Now, I’m going through it again. Am I upset? Oh hell no. To me, Cancer is a minor annoyance at best. But the American MDs are, once again, acting all hystrionic because I won’t just jump up on their little OR table immediately. This time I am going to let them remove my ovaries. Does this make me a hypocrite? Nope. This time it’s causing severe abdominal distension. I look like I’m freakin 7 months pregnant. I already resemble a trailer park Sleaze-bag because I can’t wear my dentures over other health issues… I don’t need all this extra baggage too. heh. So yeah, they can have it so the distension will go away. I have no need of my ovaries now anyway. Insemination has long been a sport rather than functional anyway. I certainly have no use for those eggs.
So yes, maybe they can operate this time, but not because I fear the Cancer, but because I hate the look. It really doesn’t go well with my outfits. But Chemo? Nope. They can cut and then get the hell out. End of that story. Hell, I’m not sure I even believe I have what they say I have, I just want the weight loss benefit. I am awaiting an appointment with Swedish doctors first, though. The US was at 36th place on the Infant Mortality Rates list in 2002 (a huge factor in determining health care quality..) They have now dropped to 57th. I do not trust US doctors at all. Sweden is ranked the second highest in the World. We’ll see what they say.
Now I know that my feelings are polar opposite of the majority. I’ve never much cared what the majority thinks on anything. Mainly I find a majority is only such because of sheep mentality anyway. Perhaps I’ll build a statue in the front yard… a big ol’ sheep with an American Flag painted on it. Oh wouldn’t the neighbors love that!
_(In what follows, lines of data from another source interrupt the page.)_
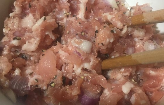 - Với thịt heo xay, bạn cho chút muối, thêm 1 thìa rượu nấu và 1 thìa tinh bột bắp vào trộn đều, ướp 10 phút.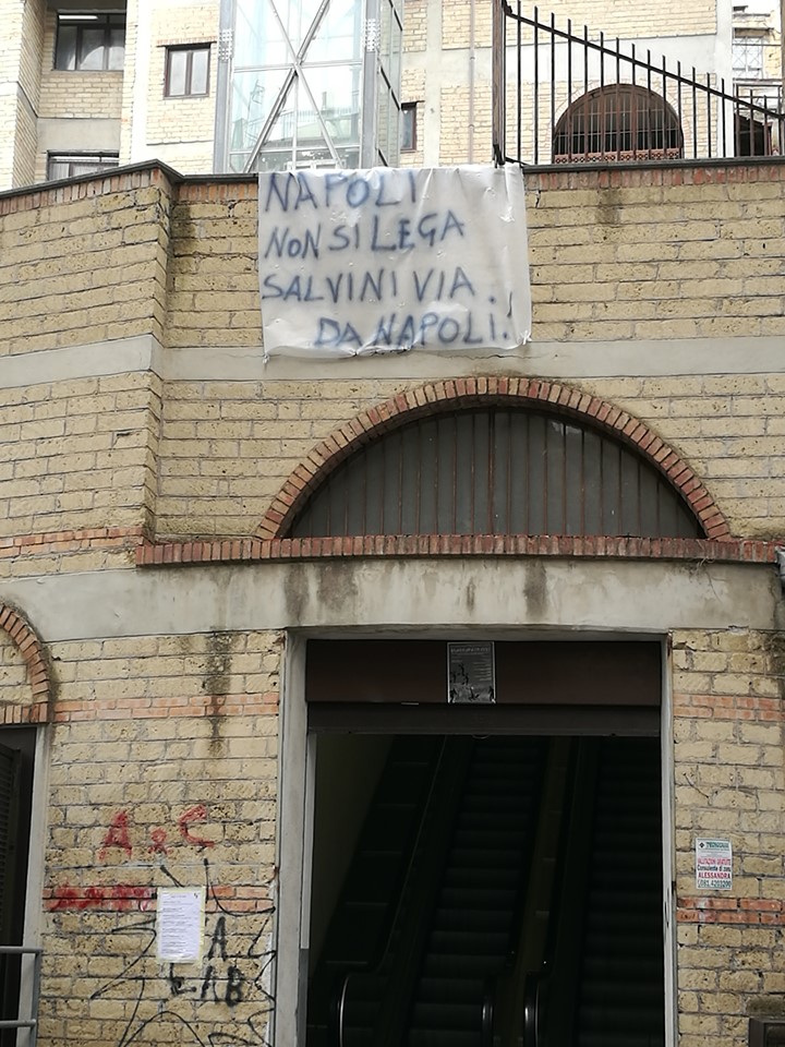 Napoli si prepara ad accogliere “pacificamente” Salvini con una serie di striscioni esposti sui balconi delle abitazioni presenti in città. L’appello lanciato in rete non solo da Potere al Popolo e dagli attivisti di “Je so pazzo” ma anche da semplici cittadini sta riscuotendo consensi. Numerosi infatti gli striscioni contro il capo politico della Lega. “Prendi una bomboletta, un telo grande e visibile, scrivi ‘Salvini Napoli non ti vuole’, esponi lo striscione da una finestra o un balcone di casa”, chiedono gli attivisti ai cittadini.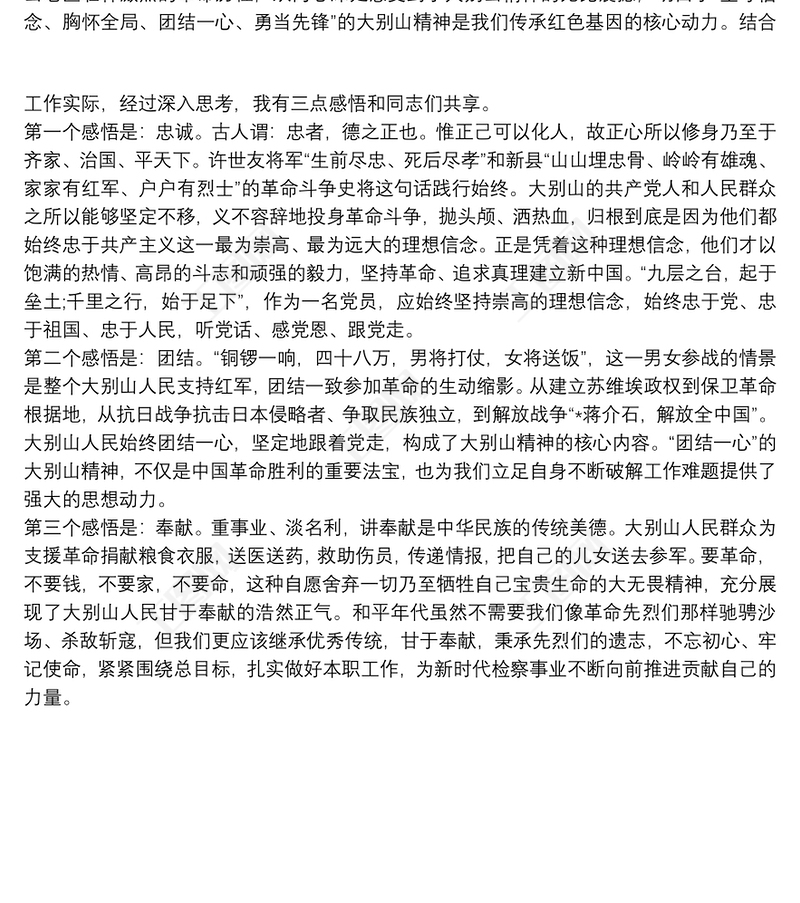 2021弘揚大別山精神心得體會三篇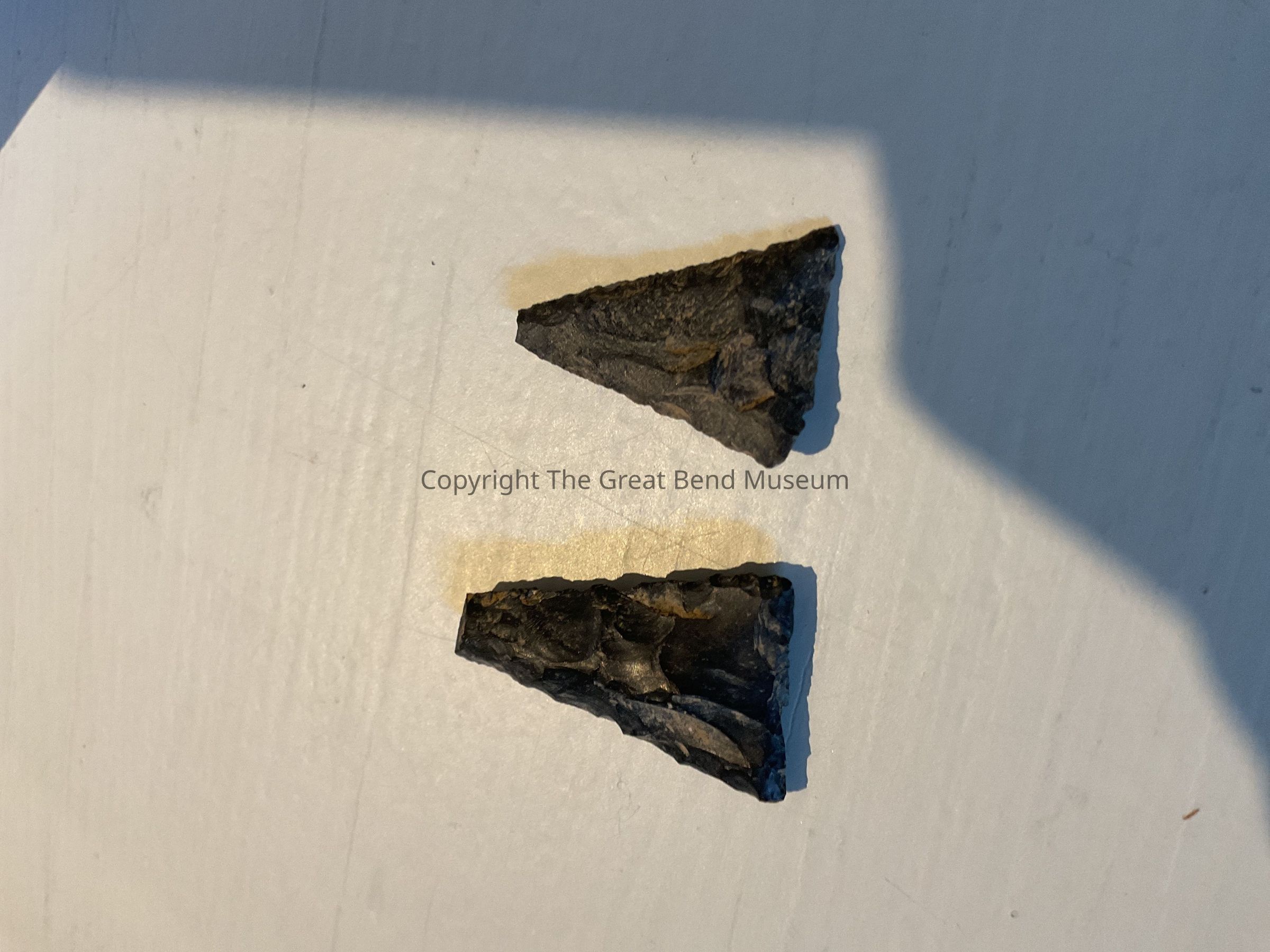 2 small black Isosceles shaped blades. Sides are slightly serrated due to reshaping. Tips of both points are chipped. Basal edge is straight and ground smooth.Made/Created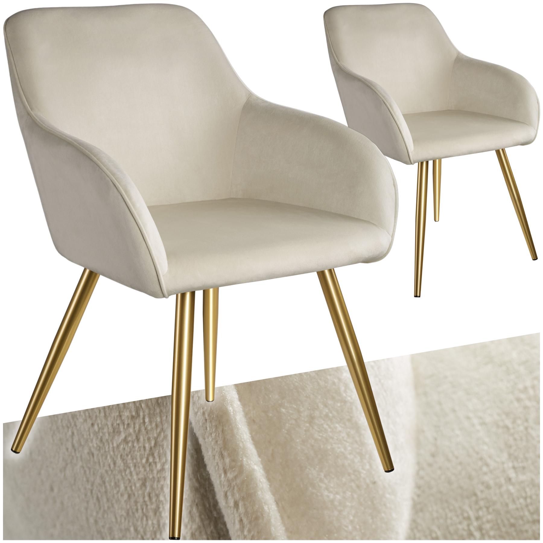 Chaise rembourrée aspect velours crème/or Lot de 2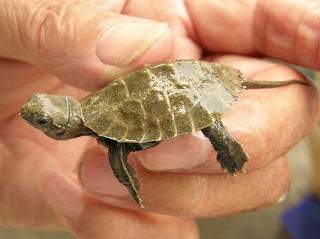 【左】アカミミガメ 【中】イシガメの赤ちゃん 【右】イシマキガイ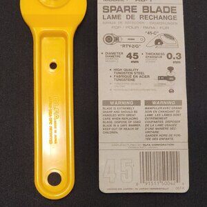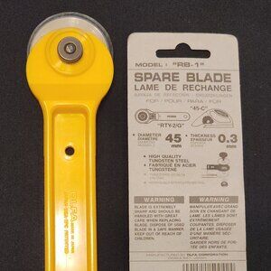 The Olfa RTY-2/G Rotary Cutter is a high-quality cutting tool perfect for both sewing and crafts. Made in Japan with a durable steel blade, this rotary cutter is designed for precision cutting with its 45mm blade size. Included in the set are a smaller rotary cutter "size unknown not marked" replacement blades and a tracing wheel, ensuring you have everything you need for your crafting projects. The trusted Olfa brand ensures reliability and accuracy in every cut.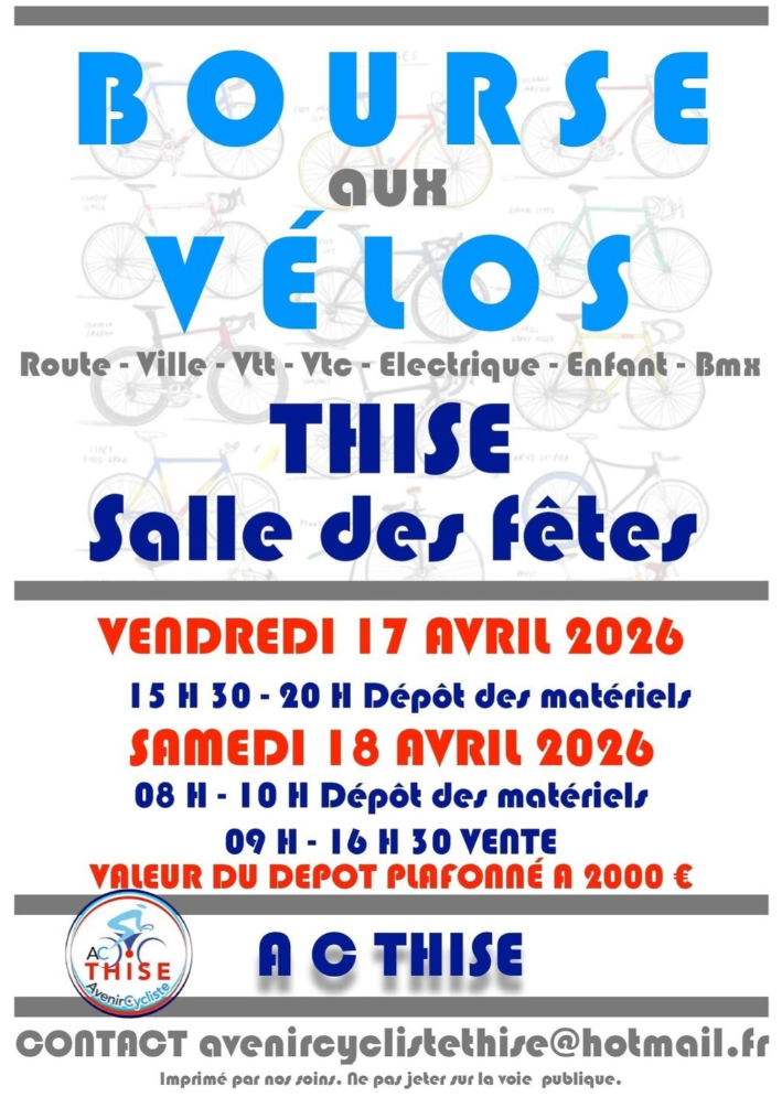 BOURSE AUX VELOS : SAMEDI 18 AVRIL A THISE SALLE DES FETES – 9H -16H VENTE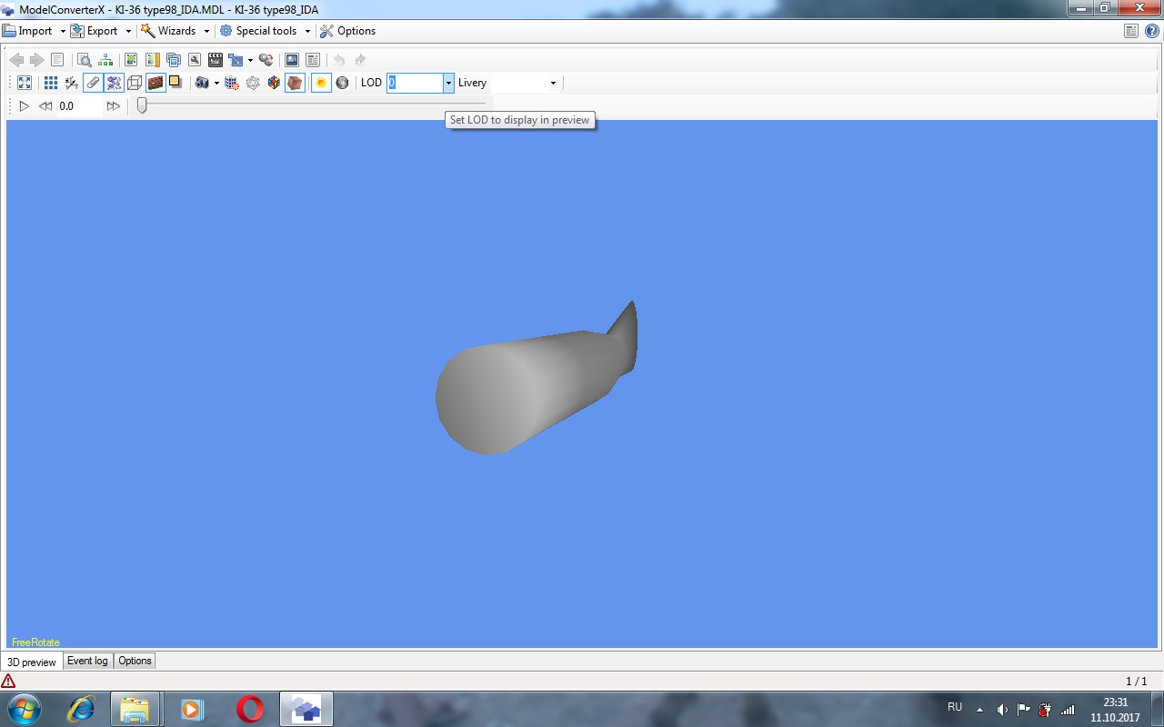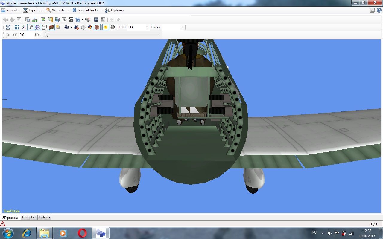 Интересная система лодов, для Ил-а видимо не подойдет. Удалил их всех. Остался нулевой лод весом двадцать одну тысячу треугольников и это с кокпитом. Нет бомбодержателей.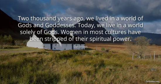 Brown, Dan. (2026, January 17). Two thousand years ago, we lived in a world of Gods and Goddesses. Today, we live in a world solely of Gods. Women in most cultures have been stripped of their spiritual power. FixQuotes. https://fixquotes.com/quotes/two-thousand-years-ago-we-lived-in-a-world-of-52300/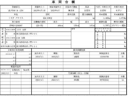 ここでは、車両管理台帳の記入サンプルを具体的にご紹介します。
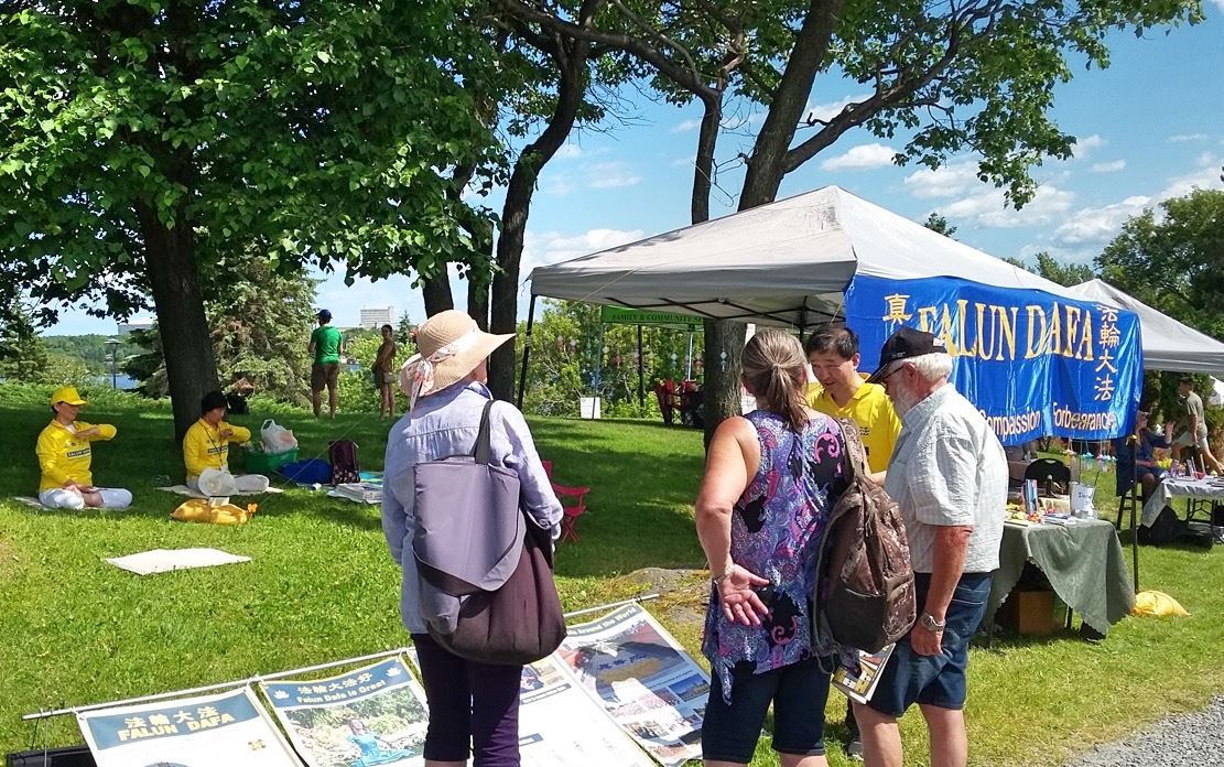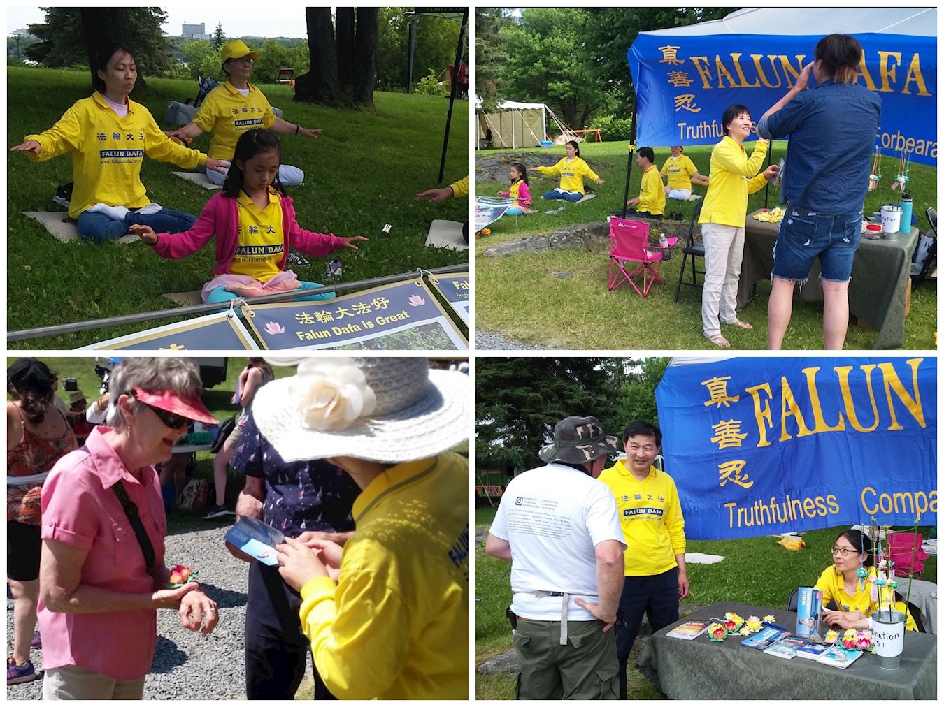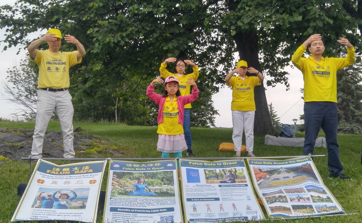 七月九日,阳光灿烂,微风凉爽,近中午时,游客逐渐增多。我们在悠扬的炼功音乐的伴奏下炼起了五套功法,吸引了众多游客的目光。加拿大英语电视网络(CTV)的摄影记者也前来摄像。活动举办方的摄影师对我们的炼功演示进行了摄影,还问我们能否将我们的炼功照片放到他的facebook上。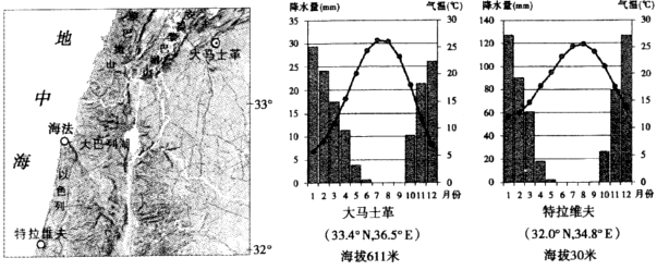 (1)依据资料,说出与特拉维夫相比大马士革的气候有何特点。(4分)

I figure that this article will make quite a few people angry. I’m indifferent to that. I’m sorry, but I am. You fear cancer? fine… fear it. I refuse to. When I have it, I change my eating habits. I find that I crave artichokes mainly, but also broccoli and brussle sprouts. They say it helps fight cancer… I just know I love them and it can’t hurt… but also that my body craves them. Listen to your body, it knows what it needs and will tell you if you pay attention.
Moderate exercise helps too. The main thing though is attitude. You must believe completely that your body is capable of healing itself. You must trust it to do so. This means bucking the entire medical community and everything you were brought up to believe.
I’m not telling anyone to drop all their doctors. I’m telling you MY experience. Period. I suggest nothing. Now you understand why, when told I have cancer, it’s pretty much an eye-roll event for me. I’m sure I will die eventually, but not from cancer.